Schweizer Laubholz nicht bloss fördern, sondern auch bestellen!

Schweizer Laubholz nicht bloss fördern, sondern auch bestellen!

Gefäss: 
Die Swissbau ist vorbei, die Büros sind wieder besetzt, das Leben in der Baubranche geht seinen gewohnten Gang. Einiges aus Basel bleibt in Erinnerung. Zum Beispiel der «Woodstock» auf dem Messeplatz. Für diesen eigenwilligen Bau griffen die Macher auf Buchenholz zurück. Das ist mehr als ungewöhnlich. Die Buche bietet mit ihren krummen Stämmen wenig Ausbeute für den Säger. Hat man ihr einmal Schnittholz entrungen, so verhält es sich beim Trocknen garantiert unbotmässig. Das Buchenholz, ab Wald gleich teuer wie Fichte/Tanne, kostet ob all der Mühe, die man hat, um es zu zähmen, als baufertige Ware über den Daumen das Doppelte des Nadelholz-Normalfalls.
 
Keine Lösung für den Alltag also, was der «Woodstock» den Messebesuchern in Basel zugemutet hat, schon gar nicht von der Kostenseite her.

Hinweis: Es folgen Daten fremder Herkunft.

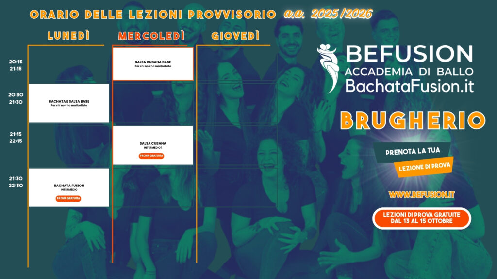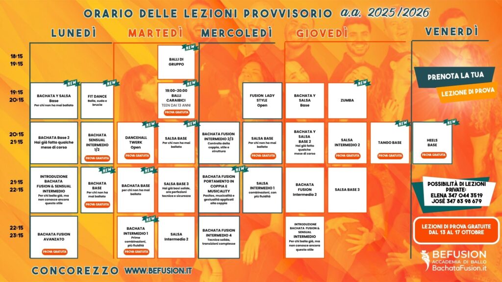 ECCELLENTE In base a 45 recensioni Pubblicato su Claudio DepontiTrustindex verifica che la fonte originale della recensione sia Google. Insegnanti BRAVISSIMI . Pazienti a spiegare e se lo dico io che ero un tronco , fidatevi. Dei veri PROFESSIONISTI.Pubblicato su Alessio GuercioTrustindex verifica che la fonte originale della recensione sia Google. Se vuoi passare delle ore rilassanti e nel segno dell'ilarità dopo una giornata lavorativa, imparando a ballare in maniera professionale, sei nel posto giusto! Consigliata!Pubblicato su Maria Teresa ViganoTrustindex verifica che la fonte originale della recensione sia Google. Bravissimi maestri,💃🕺ambiente familiare ,direi🔝🔝🔝🔝🎉🎉Pubblicato su kika bumTrustindex verifica che la fonte originale della recensione sia Google. Se voglio imparare un ballo meglio andare da bravi maestri, mi sono detta. E così sono andata ta da loro. Ho iniziato Bachata fusion e oggi se potessi sarei lì tutti giorni! Adoro José ed Elena: tecnica, musicalità, uno stile unico, passione e divertimento che si trasmettono agli allievi. Ti accorgi di crescere e migliorare ad ogni lezione. E poi si fa gruppo ed organizzano serate ed eventi. Per me top! 🔝💚Pubblicato su Noemi AngelosantoTrustindex verifica che la fonte originale della recensione sia Google. Maestri d’eccellenza e atmosfera frizzante, è questo il segreto della Be Fusion family….se vuoi divertirti e rigenerare la tua energia “sensual” sei nel posto giustoPubblicato su Riccardo ColellaTrustindex verifica che la fonte originale della recensione sia Google. Beh c’è poco da dire… i numeri uno della bachata! Estremamente tecnici e competenti! Non posso far altro che consigliare!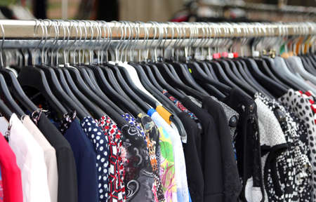 Detail of women's clothing in a market in the city, fashion
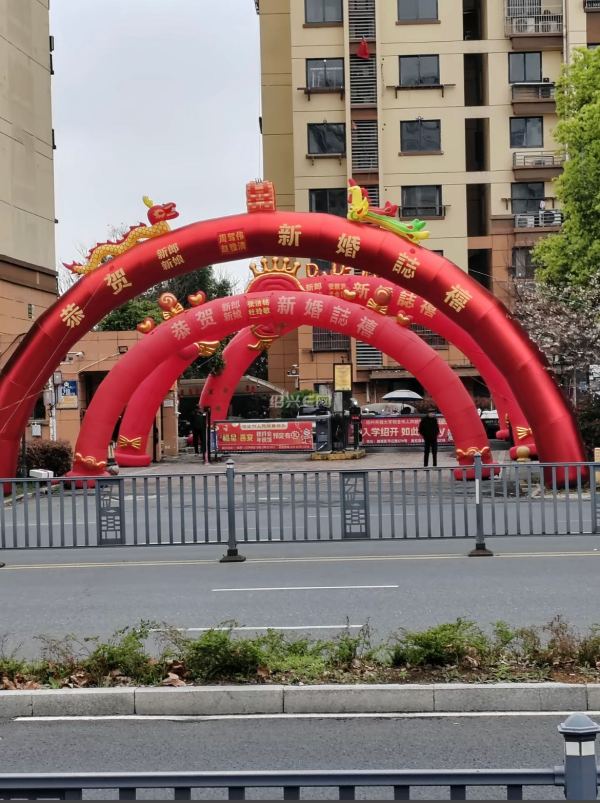 东湖街道滋江家园门口,四座高大的气拱门前后排开,看起来非常喜庆。据边上的一位男子介绍,该小区今天有四位新人同时结婚。祝福他们!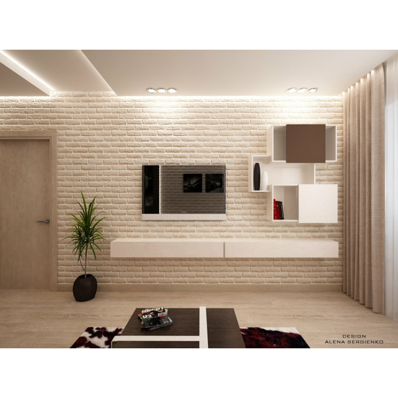 - разнообразные оттенки — можно найти оптимальный цвет, исходя из общей цветовой гаммы – белый, серый, насыщенный оранжево-коричневый, а также рисунок старого, облупившегося кирпича или идеально ровной кладки;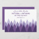Dessa sparar datumkorten är perfekt för alla par som planerar en skog i bröllop firande. Utformningen har ett skogsområde i trendiget i skuggor av lila på vit bakgrund med en färg-samordnad redigerbar ordalydelse. Den gedigna utformningen kan vara personligen till kostym för ditt speciella evenemang och kommer att vara perfektens tillkännagivande för alla tematiska party, inklusive: möhippor, förlovningar, länder, möhippor och mycket, mycket mer.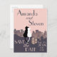 Save the Date layout, with cats element and urban view. Cartoon design, appropriate for wedding announcements, engagements. Text must be personalized.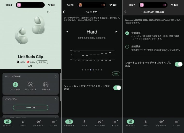 LinkBuds Clipも、通常のカナル型イヤホンなどと比較すると低音は物足りません。けれど、オープンイヤーとして見れば十分な低音です。音質もソニーらしいバランス感を重視したもので、正直な感想としては「まぁこんなところかな」と思っていました。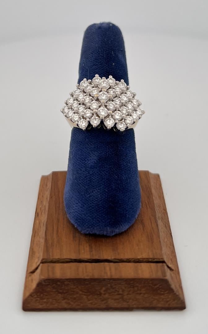 Wonderful ring. H color SI grade. 37 Diamonds at .11 carat each. 4.07 carats total weight. Size 6 3/4.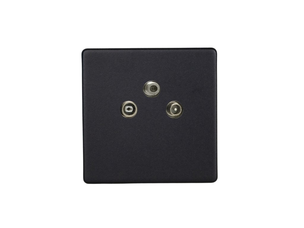 Mutimediální zásuvka MEDIA SOCKET - 3-modulový TV/Radio BEZŠROUBKOVÉ - matně černá

Um so bewundernswerter ist die Unbeirrbarkeit der findigen Köpfe, die das widerborstige Holz in Basel der Öffentlichkeit samt kompletten Fassaden und Decken vorgeführt haben, um zu beweisen, dass damit etwas anzufangen ist. Wir können es uns schlicht nicht leisten, eine wachsende Ressource mit Nichtbeachtung zu strafen, weil wir mit ihr nicht richtig umzugehen wissen.
 
In unseren Wäldern wächst nämlich immer mehr Laubholz. Weil man der Fichte nicht zutraut, den Klimawandel zu meistern, wird Nadelholz heute nur noch selten in die Bestände gemischt und dafür Laubholz gefördert – mit staatlichem Segen. Zugleich öffnet sich die Schere zwischen steigendem Angebot und dümpelnder Nachfrage immer weiter. Fast hundert Millionen Buchen stehen mittlerweile im Wald und warten darauf, dass jemand etwas mit ihnen anzufangen weiss. Sage und schreibe 1,75 Millionen Kubikmeter Buchenholz wachsen Jahr für Jahr dazu. Bloss, was tun mit diesem Rohstoff? Schweizer Buchenholz dient fast nur noch zum Heizen, und das ist zu wenig.
 
Projekte wie «Woodstock» mögen heute unter den Zwängen des Ist-Zustands im Bauwesen (noch) belächelt werden, aber jemand muss vorangehen, wenn wir wollen, dass auch Buchenholz für möglichst hochwertige Erstverwendungen eingesetzt wird und erst nach einer Kaskade weiterer Nutzungen im Ofen landet statt gleich vom Waldrand weg. Der Bund hat mit dem Aktionsplan Holz des Bundesamtes für Umwelt an der Swissbau ein Zeichen in diese Richtung gesetzt, indem er das Experiment «Woodstock» finanziell kräftig unterstützte.
 
Da wäre es doch schön, wenn die öffentliche Hand auch andernorts sich von der Begeisterung anstecken liesse, die zum «Woodstock»-Engagement geführt hat. Zum Beispiel die SBB, welche im Dezember 2009 für dieses Jahr 8100 Kubikmeter Buche für 80000 Streckenschwellen ausgeschrieben haben, dazu 3000 Kubikmeter Eiche für Weichenschwellen – eine reelle Chance für einheimische Laubhölzer. Herausgekommen ist es in Bern jedoch anders: Die Buchen-Bestellmenge wurde auf 36000 Stück reduziert und bestellt wurde teilweise im Ausland. Noch schlimmer blitzte Schweizer Eiche ab: Die SBB lassen die ganzen Eichen von ennet der Grenze kommen.
 
Das ist mehr als unschön. Man sollte von der öffentlichen Hand erwarten können, dass die Rechte weiss, was die Linke tut. Umso mehr, als Wald und Schienennetz im selben Departement des Bundes betreut werden. Wer Laubholz forstdienstlich fördert, muss auch beim Konsum Zeichen setzen!